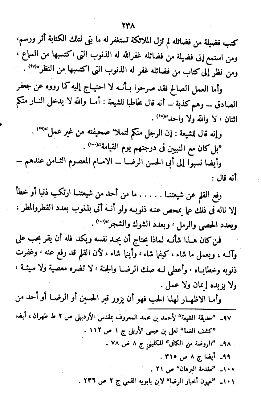 وأما العمل الصالح فقد صرحوا بأنه لا احتياج إليه كما رووه عن جعفر الصادق - وهم كذبة - أنه قال مخاطباً للشيعة: أما والله لا يدخل النار منكم اثنان، لا والله ولا واحد" (¬2).
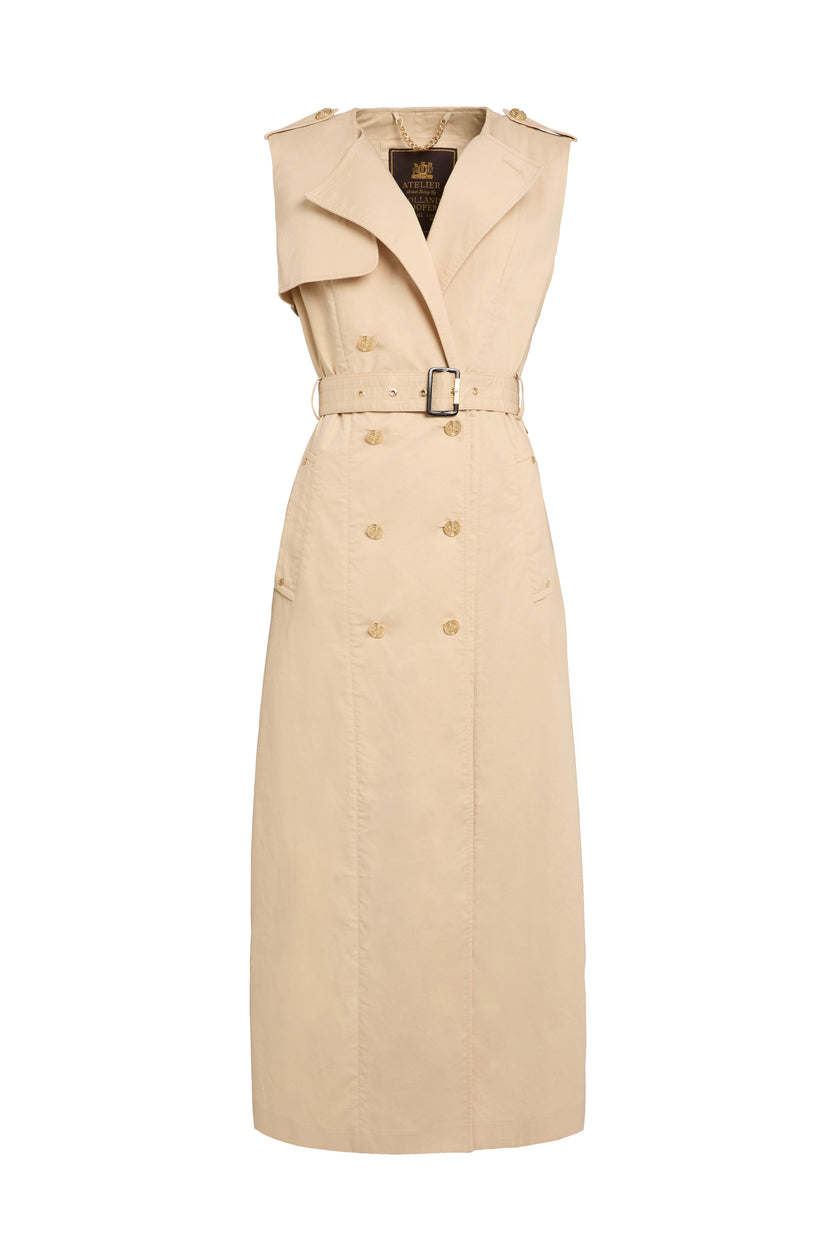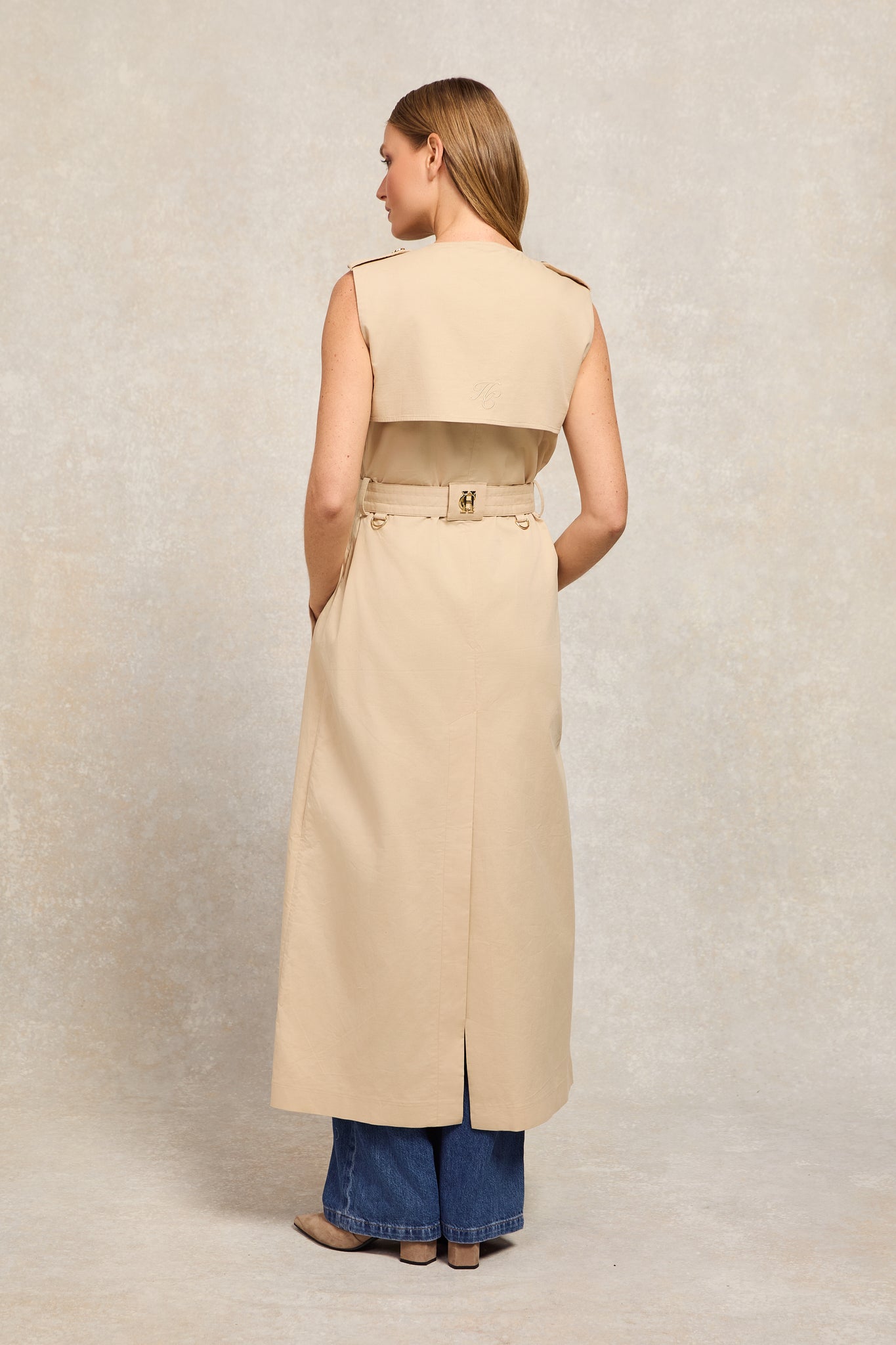 Crafted from pure cotton in a sophisticated waffle texture, this contemporary take on a timeless silhouette offers a fresh perspective on luxury outerwear. The minimalist collarless design creates a clean, modern aesthetic to the gilet while enabling versatile layering options. Flowing with a relaxed drape, the lightweight construction ensures everyday wearability, while considered details - including premium gold hardware and tortoiseshell buckles - elevate the piece with subtle sophistication. A masterclass in understated elegance.
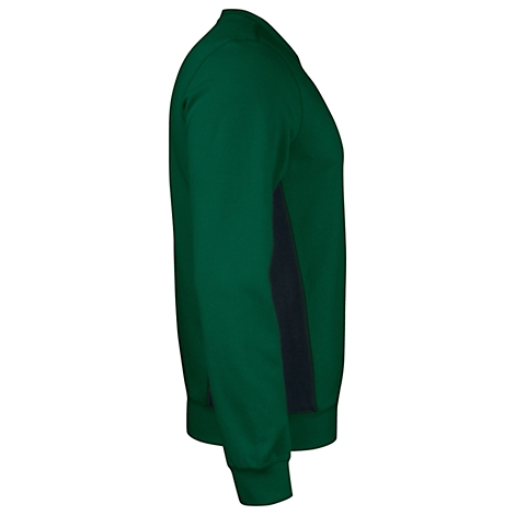 Das Sweatshirt punktet mit seinem komfortablen Schnitt, der körpernah sitzt und Ihnen gleichzeitig jede Menge Bewegungsfreiheit bietet. Das Shirt hat einen Rundhalsausschnitt, der groß genug ist, um auch einmal ein Oberhemd darunter zu tragen. Elastische Bündchen an den Abschlüssen verhindern ein Verrutschen des Sweatshirts. An den Seiten besitzt dieses Herrenoberteil Einsätze in einer Kontrastfarbe, die optisch schlank machen. Auch das beinahe unverwüstliche Material gehört zu den vielen Pluspunkten dieses Sweatshirts: Eine Polyester-Baumwoll-Kombination erweist sich als sehr hautsympathisch und pflegeleicht.
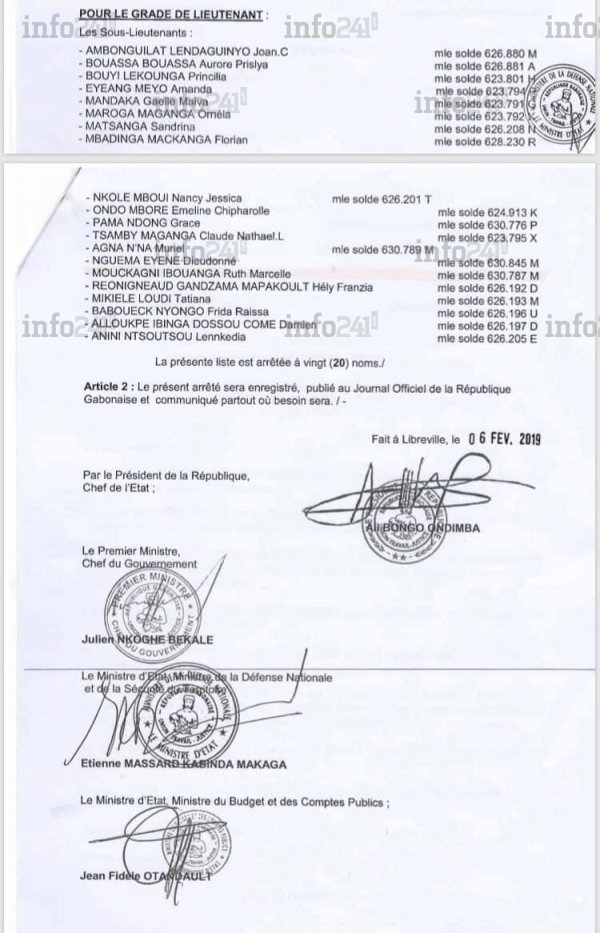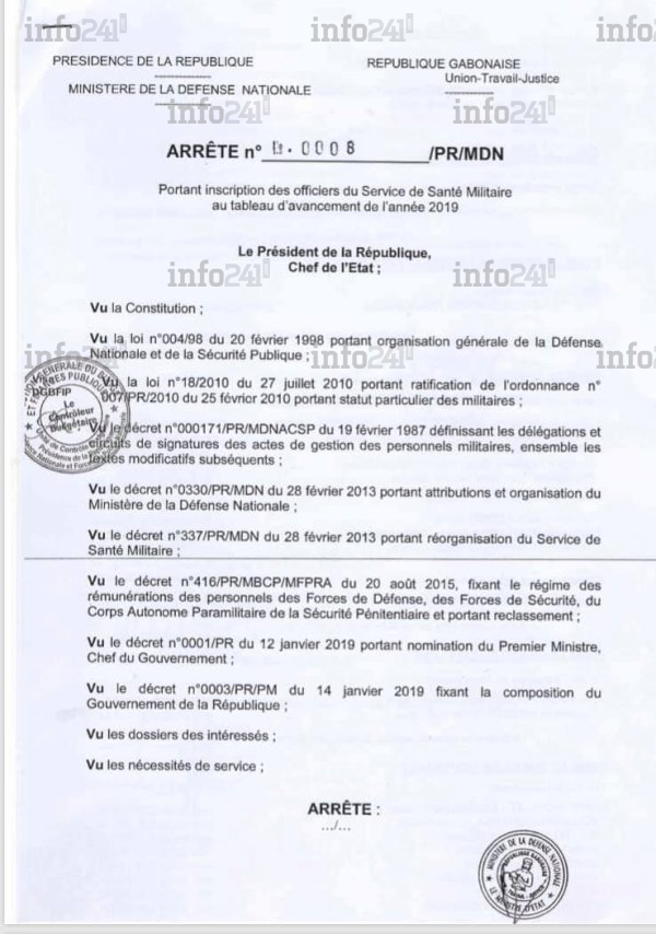 Existe-t-il deux capitales gabonaises dans le monde ? On est en droit de se le demander car Ali Bongo pourtant réputé en exil médical au Maroc depuis son accident vasculaire cérébral le 24 octobre 2018, signe des décrets présidentiels depuis Libreville ! Comme illustration de cette hérésie administrative, un décret qui a fuité, portant « inscription des officiers du service de Santé militaire au tableau d’avancement de l’année 2019 » signé le 6 février !
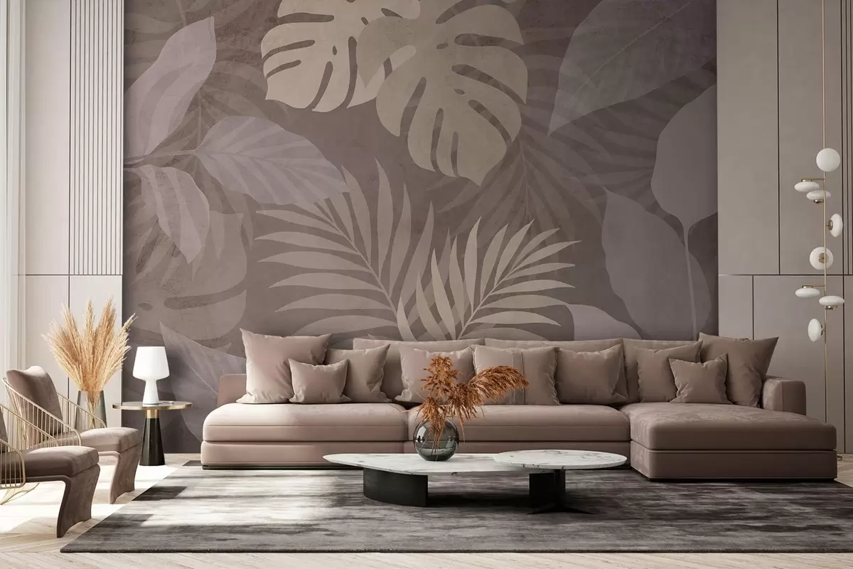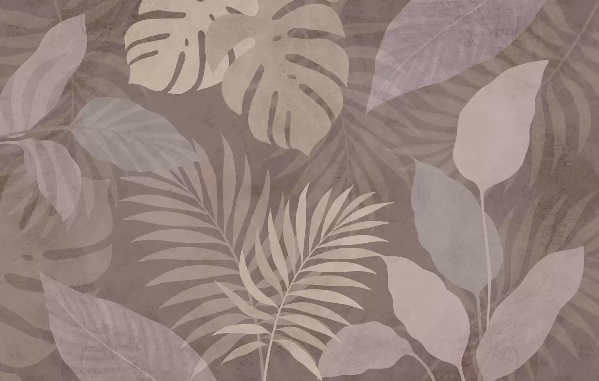 Тапете за зид текстурирано тропско лишће на чоколадној позадини бр. w05063v2
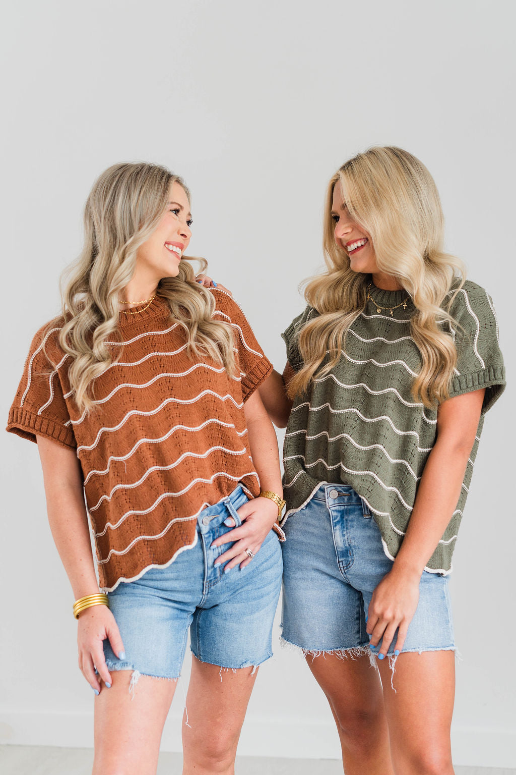 The NYRA Sweater features a sophisticated scalloped edge and a classic striped pattern, crafted from soft knit fabric for comfortable wear. Its short sleeves make it ideal for transitional weather, offering both style and versatility. Perfect for layering or wearing on its own, this top combines timeless design with expert craftsmanship for a polished look.
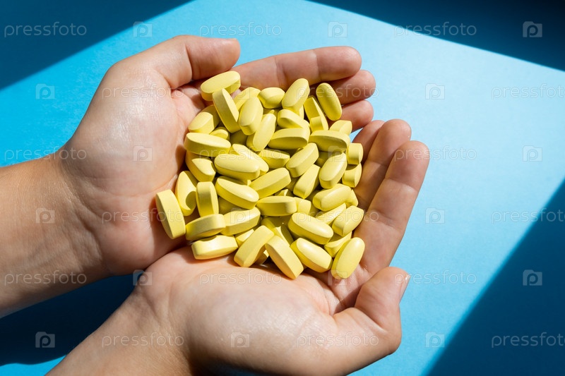 Руки доктора держат много витаминных капсул или таблеток с лекарствами. Здравоохранение или медицинская концепция
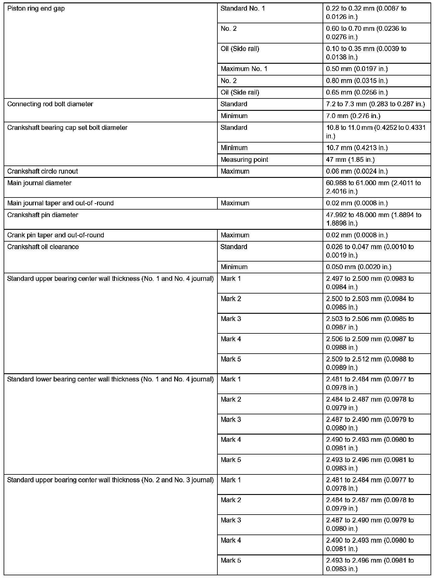 Engine Mechanical-Service Data (Part 2):
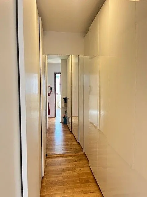 Veškerý vestavěný nábytek v bytě včetně kuchyňské linky je z kvalitních materiálů. Včetně spotřebičů a dalších prvků zůstává součástí vybavení.
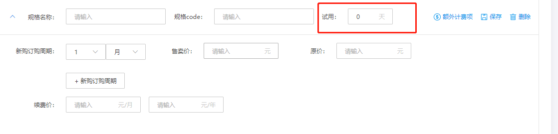 - 如果填写天数为0,表示此规格不支持试用
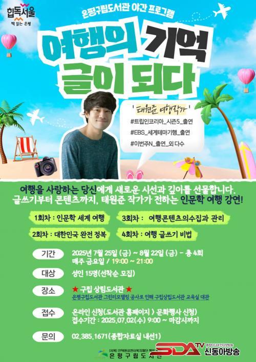 [½Åµ¿¾Æ¹æ¼Û ÀºÆò±¸=À̽ŵ¿±âÀÚ] ¼­¿ï ÀºÆò±¸´Â ÀºÆò±¸¸³µµ¼­°üÀÌ ¿À´Â 25ÀϺÎÅÍ ³»´Þ 22ÀϱîÁö ¾ß°£ Àι®ÇÐ ÇÁ·Î±×·¥ ¡®¿©ÇàÀÇ ±â¾ï, ±ÛÀÌ µÇ´Ù¡¯¸¦ ¿î¿µÇÑ´Ù°í ¹àÇû´Ù.

________________________

TASK DIRECTIONS. Pictures are to be left out while the lines from the beginning of the records through the line with "Тапете за зид" are copied word for word.

REPLY.
 وأما العمل الصالح فقد صرحوا بأنه لا احتياج إليه كما رووه عن جعفر الصادق - وهم كذبة - أنه قال مخاطباً للشيعة: أما والله لا يدخل النار منكم اثنان، لا والله ولا واحد" (¬2).
 Crafted from pure cotton in a sophisticated waffle texture, this contemporary take on a timeless silhouette offers a fresh perspective on luxury outerwear. The minimalist collarless design creates a clean, modern aesthetic to the gilet while enabling versatile layering options. Flowing with a relaxed drape, the lightweight construction ensures everyday wearability, while considered details - including premium gold hardware and tortoiseshell buckles - elevate the piece with subtle sophistication. A masterclass in understated elegance.
 Das Sweatshirt punktet mit seinem komfortablen Schnitt, der körpernah sitzt und Ihnen gleichzeitig jede Menge Bewegungsfreiheit bietet. Das Shirt hat einen Rundhalsausschnitt, der groß genug ist, um auch einmal ein Oberhemd darunter zu tragen. Elastische Bündchen an den Abschlüssen verhindern ein Verrutschen des Sweatshirts. An den Seiten besitzt dieses Herrenoberteil Einsätze in einer Kontrastfarbe, die optisch schlank machen. Auch das beinahe unverwüstliche Material gehört zu den vielen Pluspunkten dieses Sweatshirts: Eine Polyester-Baumwoll-Kombination erweist sich als sehr hautsympathisch und pflegeleicht.
 Existe-t-il deux capitales gabonaises dans le monde ? On est en droit de se le demander car Ali Bongo pourtant réputé en exil médical au Maroc depuis son accident vasculaire cérébral le 24 octobre 2018, signe des décrets présidentiels depuis Libreville ! Comme illustration de cette hérésie administrative, un décret qui a fuité, portant « inscription des officiers du service de Santé militaire au tableau d’avancement de l’année 2019 » signé le 6 février !
 Тапете за зид текстурирано тропско лишће на чоколадној позадини бр. w05063v2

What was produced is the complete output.